What I fear most for the future of our country is that our leadership seems to be developing the same arrogance that doomed the British Empire.
In early 1941, the British general in charge of the Far East scoffed at the idea that Japan would attack. The Japanese wouldn’t dare, he said, because they were a subhuman, inferior race. That same year, Winston Churchill likewise said that the Japanese would not dare attack the British Empire. The Japanese were, he said, the “wops of the East,” thus insulting two peoples in one sentence.
The Japanese, who were then and are now among the most brilliant people on Earth, did attack the British Empire. They sank the very battleship on which Churchill made his statement. They completely defeated the British in the Far East in 11 weeks, capturing more than 100,000 British soldiers and officers. It was the largest, most humiliating defeat in Britain’s history.
Once, for the fun of it, I went to the microfilm and read the newspapers in the city where I was living that were published immediately after the attack on Pearl Harbor. People’s ignorance of Japan was appalling. In man-in-the-street interviews, many Americans predicted a short and easy war because they thought the Japanese were all small and had poor eyesight from eating too much rice.
What Japan had, in reality, was a 3,000-year history of being a disciplined and warlike people, the only people in the Far East who defeated European efforts to colonize them.
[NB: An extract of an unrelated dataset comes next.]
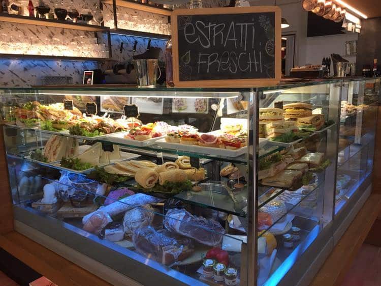 Caffetteria, pasticceria, rosticceria di tradizione napoletana. Formaggi e salumi da tutta Italia ed Europa accompagnati da una cucina tipica per il pranzo e più ricercata per la cena. Sfiziosità come il tartufo nero della Lessinia o la fonduta di formaggi Parigina, il tutto accompagnato da una bella selezione di vini da scegliere da circa 200 etichette.

They were also the people who made a miraculous transition from a feudal state to an industrial power in an amazing 40 years.
Ironically, the same arrogance led the Japanese leaders into attacking America and thus, in the reported words of Adm. Isoroku Yamamoto, “awakening and enraging a sleeping giant.” Japanese martial spirit was no match for the great, energy-rich industrial power the United States was at that time.
If we look at ourselves honestly, since World War II, we have become a sort of bully. We browbeat and fight minor powers and no-powers while our generals and politicians strut about as if they had conquered the Roman Empire or Napoleon. We were damned lucky the Soviet Union collapsed from its own internal mistakes.
Arrogance and hubris lead to underestimating others and overestimating ourselves. That’s very dangerous. We have a beautiful country and a great people, but if we don’t get serious about correcting our political and economic problems, we might well follow the British Empire and become a footnote in future history books.